- Vicki Hennessy to be 1st woman to serve as S.F. sheriff (SF Chronicle)
The mayor’s choice for interim sheriff, former Chief Deputy Sheriff Vicki Hennessy, will be the first woman to hold the post and brings with her more than three decades of city service, most recently as head of the city’s Department of Emergency Management.
- PG&E seeks to offset fine for San Bruno disaster (SF Chronicle)
Pacific Gas and Electric Co. wants the state to offset millions of dollars in fines it is expected to levy against the company for the San Bruno disaster by the amount the utility spent last year testing its pipes and making other improvements, a PG&E executive said Tuesday. PG&E has said it expects the state to fine it at least $200 million for the September 2010 explosion of a gas-transmission pipeline in San Bruno that killed eight people and destroyed 38 homes.
- San Jose council approves mayor’s budget plan (SJ Mercury News)

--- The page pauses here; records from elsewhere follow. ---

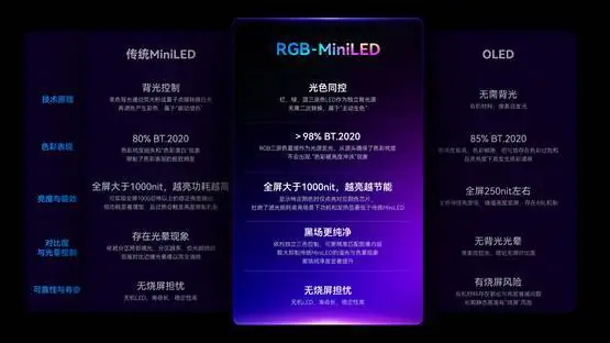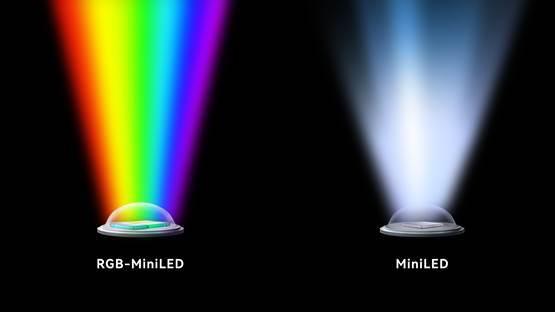 与传统Mini LED不同,RGB-Mini LED并非使用单一的白光或蓝光LED作为背光源。它直接在背光模组中集成了红(R)、绿(G)、蓝(B)三原色的Mini LED芯片。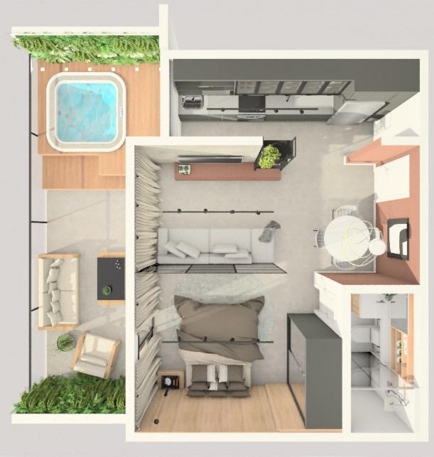 Studio garden – uma opção excelente: espaço suficiente para morar e espaço externo para curtir – no coração da cidade. Unidade 106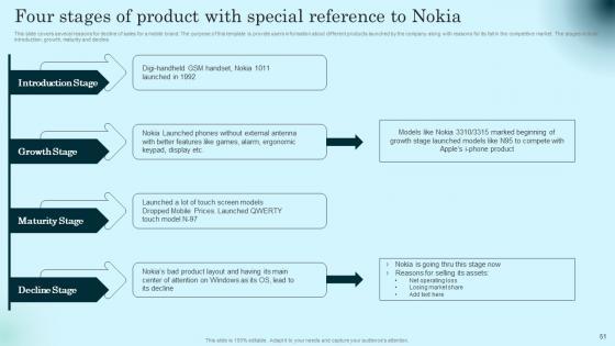 This slide covers several reasons for decline of sales for a mobile brand. The purpose of this template is provide users information about different products launched by the company along with reasons for its fall in the competitive market. The stages include introduction, growth, maturity and decline. Find highly impressive Four Stages Of Product With Special Reference Comprehensive Guide To Product Lifecycle Graphics Pdf on Slidegeeks to deliver a meaningful presentation. You can save an ample amount of time using these presentation templates. No need to worry to prepare everything from scratch because Slidegeeks experts have already done a huge research and work for you. You need to download Four Stages Of Product With Special Reference Comprehensive Guide To Product Lifecycle Graphics Pdf for your upcoming presentation. All the presentation templates are 100 percent editable and you can change the color and personalize the content accordingly. Download now This slide covers several reasons for decline of sales for a mobile brand. The purpose of this template is provide users information about different products launched by the company along with reasons for its fall in the competitive market. The stages include introduction, growth, maturity and decline.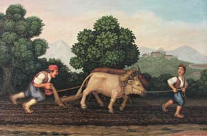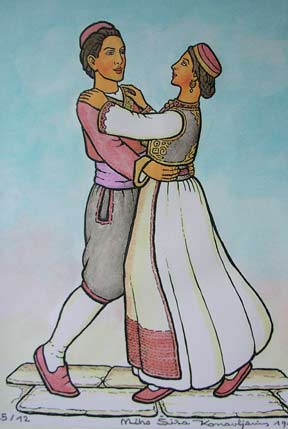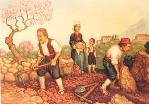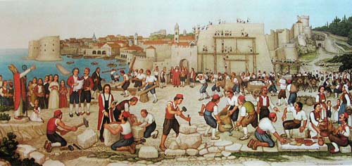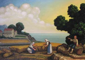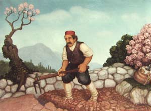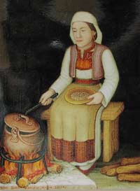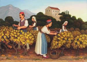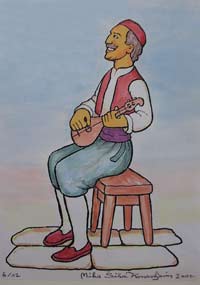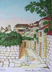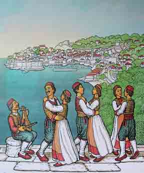 [NOTE: Mr. Šiša is now deceased, and the services mentioned below are only informational.] Miho S"is"a (pronounced SHE' SHAW) is a painter and sculptor in the naive or folk art style. His studio and gallery are in his ancestral home in the village of Mihanic'i, in the region of Konavle, not far from the Dubrovnik airport. He is the only folk artist in the Dubrovnik area and only the second along the Croatian Adriatic Coast. His scenes usually depict some form of Konavlian life -- the very life that our ancestors left when they emigrated. And through his careful research Mr. S"is"a has authentically shown the old styles of dress, customs, and tools as well as the landscapes of his native Konavle. This makes his work perfect for including in family history collections. I can think of no better way to show your posterity the styles and customs of their ancestors. And these prints are particularly attractive matted and framed on a living room wall. Also Mr. S"is"a is available for commissions. For example, he can paint your ancestral house or village. For commissions, contact him at the address below. Mr. S"is"a does not sell his originals except by special arrangement or commission. This webpage concerns only laser prints of the originals, which are made uniquely for each order. (Though some, such as Picture 1 and Picture 2, exist as lithographs.) Laser prints can be made any size as long as the 2 dimensions are proportional. In Europe the 2 common paper sizes are A4 and A3 (see below for exact sizes). A4 is somewhat like the U.S. "letter" size. A3 is twice that size. Because the images are of varying dimensions, unless you specify otherwise, your print will fill the paper (A4 or A3) to the largest extent that can be accommodated on that size paper. If you want a smaller size print, please specify the exact dimensions, but the prices are the same as for A4. For example, people often want smaller sizes of the flowers or fruits for their kitchen walls. High quality paper is used, specially designed for laser printing. A4 (paper size: 8.3" x 11.6") = $19 per print A3 (paper size: 11.6" x 16.6") = $29 per print Shipping = $12 per order (in mailing tube, airmail) Prices are in U.S. dollars. To convert to other currency, please consult a "currency conversion" website which can easily be found through a search engine such as www.google.com. To order, specify the Picture number (below), the size (A4 or A3), the quantity of each print, add in the shipping cost, and include a personal check or money order (in the currency of your country) made out to "Miho Sisa". He cannot accept credit cards. Mail to: Miho S"is"a Mihanic'i HR-20217 Pridvorje Croatia, Europe Mr. S"is"a is not connected to the Internet and has no e-mail address. [NOTE: Mr. Šiša is now deceased, and the services mentioned in this article are only informational.] ------------------------ The list, below, is only a few of the many prints available. Others can only be seen by visiting his gallery. Note: The images, below, were made with a hand-held digital camera and are of poor quality -- but good enough for the computer screen. The originals and prints are of much finer quality, showing better detail and color value. Picture 1. Wedding in Konavle. Shows different types of dress and customs. You can look at this painting often, learning more each time. Picture 2. Another wedding in Konavle. Fewer people and less detail than the one above. Picture 3. Depicts the building of Dubrovnik through various ages and stages. Lots of detail. Picture 4. St. Nikola Church in Cavtat. Picture 5. Dancers in national dress with Dubrovnik in background. Picture 6. Dancing couple in national dress. Picture 7 Picture 8 Picture 9 Picture 10. Four versions of native Konavlian flowers. Very nice on the kitchen wall. Picture 11 Picture 12. Two versions of native Konavlian fruit. Very nice on the kitchen wall. Picture 13 Picture 14. Two versions of a man in national dress playing the gusle. Picture 15. A hunter with his gun and dog, stoking a fire. Picture 16. A woman slicing prs"ut. Picture 17. A woman in national dress playing the tamborica. Picture 18. A man in national dress playing the tamborica. Picture 19. Village scene in Konavle showing rock buildings and walls. Picture 20. Man sampling his homemade wine. Picture 21. Woman washing clothes in a stone wash basin. Picture 22. Woman tending a cooking pot. Picture 23 Picture 24 Picture 25 Picture 26 Picture 27. Five working scenes showing the landscape, farming methods, tools, and dress of Konavle. |

The San Jose City Council unanimously approved Mayor Chuck Reed’s budget guidelines Tuesday that would open newly built libraries and a community center that have sat empty for lack of staffing and nearly double spending on gang prevention. It was the first budget proposal that offered a chance to restore some services that have been slashed over a decade of deficits, as city officials project a modest $10 million surplus next year. Several council members called for devoting any additional surpluses that might emerge on police and fire protection, libraries and the elderly.
- Downsized plans for piers unveiled (SF Examiner)

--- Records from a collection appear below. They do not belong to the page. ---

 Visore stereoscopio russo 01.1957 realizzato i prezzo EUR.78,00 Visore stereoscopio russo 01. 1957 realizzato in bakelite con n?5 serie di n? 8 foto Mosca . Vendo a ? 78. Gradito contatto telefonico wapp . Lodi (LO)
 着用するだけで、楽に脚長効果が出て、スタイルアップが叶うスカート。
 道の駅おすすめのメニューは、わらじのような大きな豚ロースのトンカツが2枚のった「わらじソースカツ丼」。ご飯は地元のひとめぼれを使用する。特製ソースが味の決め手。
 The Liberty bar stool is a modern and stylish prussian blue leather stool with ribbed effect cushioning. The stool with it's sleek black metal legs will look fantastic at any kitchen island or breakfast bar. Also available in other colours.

Less costly overhaul plans, and shorter-term leases, were unveiled Tuesday for a handful of San Francisco’s piers that will be used for the America’s Cup. The $110 million development deal to restore crumbling piers and give long-term development rights to the regatta’s event authority had fallen apart in February. The new agreement, which will be discussed by the Board of Supervisors next week, stemmed from those failed negotiations.
- Maker of methyl iodide scraps controversial pesticide (Santa Cruz Sentinel)

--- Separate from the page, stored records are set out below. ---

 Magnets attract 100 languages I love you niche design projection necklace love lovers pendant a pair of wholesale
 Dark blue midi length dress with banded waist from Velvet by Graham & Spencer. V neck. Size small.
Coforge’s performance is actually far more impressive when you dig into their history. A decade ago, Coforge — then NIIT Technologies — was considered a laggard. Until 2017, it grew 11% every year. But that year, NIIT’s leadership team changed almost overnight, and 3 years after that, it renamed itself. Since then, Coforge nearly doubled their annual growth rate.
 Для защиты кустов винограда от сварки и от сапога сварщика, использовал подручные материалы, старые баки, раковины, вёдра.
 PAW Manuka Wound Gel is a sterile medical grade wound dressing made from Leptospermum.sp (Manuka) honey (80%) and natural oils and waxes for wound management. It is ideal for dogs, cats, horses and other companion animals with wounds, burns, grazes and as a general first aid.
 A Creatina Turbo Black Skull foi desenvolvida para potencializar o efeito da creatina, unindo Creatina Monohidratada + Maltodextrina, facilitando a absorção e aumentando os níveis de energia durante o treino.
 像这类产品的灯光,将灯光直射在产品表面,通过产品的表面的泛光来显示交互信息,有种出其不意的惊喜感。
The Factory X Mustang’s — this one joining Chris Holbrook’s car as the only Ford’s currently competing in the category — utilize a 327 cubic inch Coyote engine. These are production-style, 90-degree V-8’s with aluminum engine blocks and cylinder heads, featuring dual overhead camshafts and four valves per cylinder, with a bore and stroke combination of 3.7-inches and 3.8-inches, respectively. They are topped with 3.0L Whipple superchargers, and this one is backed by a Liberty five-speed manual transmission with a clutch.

The manufacturer of methyl iodide is pulling the controversial pesticide from California. Late Tuesday, representatives of Tokyo-based Arysta LifeScience confirmed the “immediate suspension of product sales for all formulations of the fumigant MIDAS in the United States.” The company said its decision was based on “an internal review of the fumigant and based on its economic viability in the U.S. marketplace,” according to Amy Yoder, head of Arysta LifeScience North American business unit.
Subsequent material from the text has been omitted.